您可以添加一个断言,至少可以添加到最后一个维度,并将其扩展到两个以上的维度。我在博客上发表了一篇关于获取多维数组的替代方法的文章。我还更具体地介绍了相关性能和编码工作。
Performance of Dynamic Multi-Dimensional Arrays in C++
c++中动态多维数组的性能
#9
0
There is no way to determine the length of a given array in C++. The best way would probably be to pass in the length of each dimension of the array, and use that instead of the .length property of the array itself.
在c++中,无法确定给定数组的长度。最好的方法可能是传入数组的每个维度的长度,而不是使用数组本身的.length属性。
#10
0
You could use malloc to accomplish this and still have it accessible through normal array[][] mean, verses the array[rows * cols + cols] method.
您可以使用malloc来实现这一点,并且仍然可以通过普通数组[][][]来访问它,而不是通过数组[row * cols + cols]方法。
main()
{
int i;
int rows;
int cols;
int **array = NULL;
array = malloc(sizeof(int*) * rows);
if (array == NULL)
return 0; // check for malloc fail
for (i = 0; i < rows; i++)
{
array[i] = malloc(sizeof(int) * cols)
if (array[i] == NULL)
return 0; // check for malloc fail
}
// and now you have a dynamically sized array
}
#1
21
Use boost::multi_array.
使用boost::multi_array。
As in your example, the only thing you need to know at compile time is the number of dimensions. Here is the first example in the documentation :
在您的示例中,在编译时惟一需要知道的是维度的数量。以下是文件中的第一个例子:
#include "boost/multi_array.hpp"
#include <cassert>
int
main () {
// Create a 3D array that is 3 x 4 x 2
typedef boost::multi_array<double, 3> array_type;
typedef array_type::index index;
array_type A(boost::extents[3][4][2]);
// Assign values to the elements
int values = 0;
for(index i = 0; i != 3; ++i)
for(index j = 0; j != 4; ++j)
for(index k = 0; k != 2; ++k)
A[i][j][k] = values++;
// Verify values
int verify = 0;
for(index i = 0; i != 3; ++i)
for(index j = 0; j != 4; ++j)
for(index k = 0; k != 2; ++k)
assert(A[i][j][k] == verify++);
return 0;
}
Edit: As suggested in the comments, here is a "simple" example application that let you define the multi-dimensional array size at runtime, asking from the console input. Here is an example output of this example application (compiled with the constant saying it's 3 dimensions) :
编辑:正如评论中所建议的,这里有一个“简单”的示例应用程序,它允许您在运行时根据控制台输入定义多维数组大小。下面是这个示例应用程序的示例输出(用常量表示为3维):
Multi-Array test!
Please enter the size of the dimension 0 : 4
Please enter the size of the dimension 1 : 6
Please enter the size of the dimension 2 : 2
Text matrix with 3 dimensions of size (4,6,2) have been created.
Ready!
Type 'help' for the command list.
>read 0.0.0
Text at (0,0,0) :
""
>write 0.0.0 "This is a nice test!"
Text "This is a nice test!" written at position (0,0,0)
>read 0.0.0
Text at (0,0,0) :
"This is a nice test!"
>write 0,0,1 "What a nice day!"
Text "What a nice day!" written at position (0,0,1)
>read 0.0.0
Text at (0,0,0) :
"This is a nice test!"
>read 0.0.1
Text at (0,0,1) :
"What a nice day!"
>write 3,5,1 "This is the last text!"
Text "This is the last text!" written at position (3,5,1)
>read 3,5,1
Text at (3,5,1) :
"This is the last text!"
>exit
The important parts in the code are the main function where we get the dimensions from the user and create the array with :
代码中重要的部分是我们从用户那里获取尺寸并创建数组的主要功能:
const unsigned int DIMENSION_COUNT = 3; // dimension count for this test application, change it at will :)
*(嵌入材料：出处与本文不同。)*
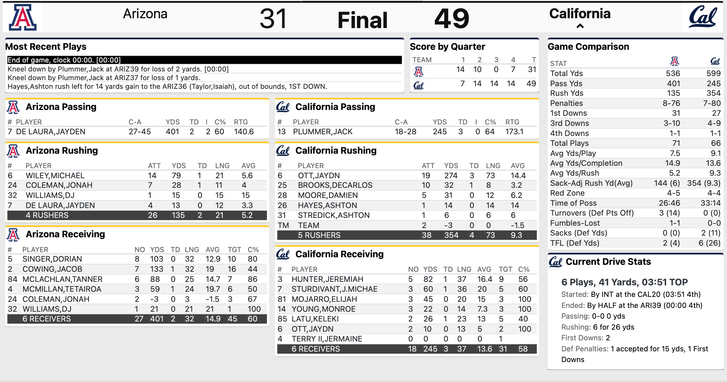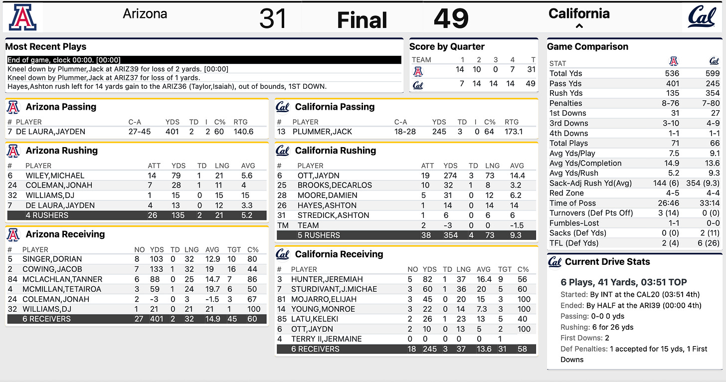 The story of this game was our re-invented o-line and how well they played. With them executing well, Jayden Ott was able to use his super human talents to rush for 274 yards (yes that's 274 yards!) and we had total offense of 599 yards. With the running game working, Tight Ends getting involved and our talented receiving corps doing their thing, fans who have been harsh critics of Musgrave finally were able to witness the multidimensional offense that he has given us and how well it keeps the opponent off balance...when we execute successfully. This was a hell of a fun game to watch. Our kids are going to gain a lot of confidence from this win. I think WASU will be a fun game as well. Go Bears!!!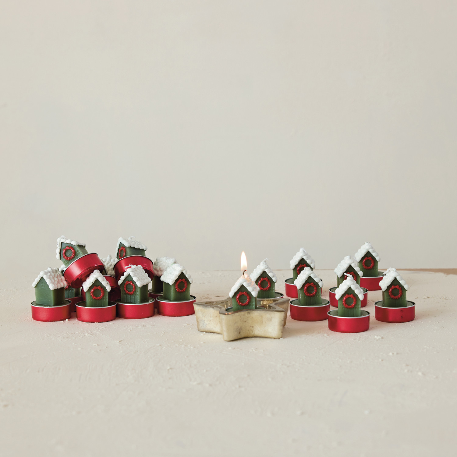 Unscented House with Snow & Wreath Shaped Tealights in Box, Set of 9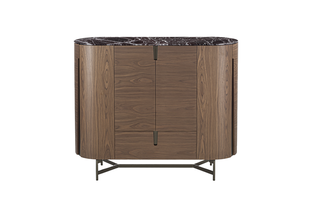 Tylsa diseñado por D. Radice para Porada es un mueble bar con estructura de fresno o nogal canaletta con cuatro puertas batientes y un cajón central. Los compartimentos laterales cuentan con dos estantes de cristal transparente extraclaro, mientras que el compartimento central se caracteriza por un panel trasero extraíble de espejo ahumado retroiluminado y, en la parte superior, un posavasos de madera maciza. La superficie de apoyo es de cristal extraclaro retrolacado con separadores de cajones en Cuoietto. Todo el mueble bar cuenta con iluminación LED integrada con sensor de apertura.

// here is the type of the multi-dimensional (DIMENSION_COUNT dimensions here) array we want to use
// for this example, it own texts
typedef boost::multi_array< std::string , DIMENSION_COUNT > TextMatrix;
// this provide size/index based position for a TextMatrix entry.
typedef std::tr1::array<TextMatrix::index, DIMENSION_COUNT> Position; // note that it can be a boost::array or a simple array
/* This function will allow the user to manipulate the created array
by managing it's commands.
Returns true if the exit command have been called.
*/
bool process_command( const std::string& entry, TextMatrix& text_matrix );
/* Print the position values in the standard output. */
void display_position( const Position& position );
int main()
{
std::cout << "Multi-Array test!" << std::endl;
// get the dimension informations from the user
Position dimensions; // this array will hold the size of each dimension
for( int dimension_idx = 0; dimension_idx < DIMENSION_COUNT; ++dimension_idx )
{
std::cout << "Please enter the size of the dimension "<< dimension_idx <<" : ";
// note that here we should check the type of the entry, but it's a simple example so lets assume we take good numbers
std::cin >> dimensions[dimension_idx];
std::cout << std::endl;
}
// now create the multi-dimensional array with the previously collected informations
TextMatrix text_matrix( dimensions );
std::cout << "Text matrix with " << DIMENSION_COUNT << " dimensions of size ";
display_position( dimensions );
std::cout << " have been created."<< std::endl;
std::cout << std::endl;
std::cout << "Ready!" << std::endl;
std::cout << "Type 'help' for the command list." << std::endl;
std::cin.sync();
// we can now play with it as long as we want
bool wants_to_exit = false;
while( !wants_to_exit )
{
std::cout << std::endl << ">" ;
std::tr1::array< char, 256 > entry_buffer;
std::cin.getline(entry_buffer.data(), entry_buffer.size());
const std::string entry( entry_buffer.data() );
wants_to_exit = process_command( entry, text_matrix );
}
return 0;
}
And you can see that to accede an element in the array, it's really easy : you just use the operator() as in the following functions :
可以看到,要在数组中加入元素,非常简单:您只需使用操作符(),如下所示:
void write_in_text_matrix( TextMatrix& text_matrix, const Position& position, const std::string& text )
{
text_matrix( position ) = text;
std::cout << "Text \"" << text << "\" written at position ";
display_position( position );
std::cout << std::endl;
}
void read_from_text_matrix( const TextMatrix& text_matrix, const Position& position )
{
const std::string& text = text_matrix( position );
std::cout << "Text at ";
display_position(position);
std::cout << " : "<< std::endl;
std::cout << " \"" << text << "\"" << std::endl;
}
Note : I compiled this application in VC9 + SP1 - got just some forgettable warnings.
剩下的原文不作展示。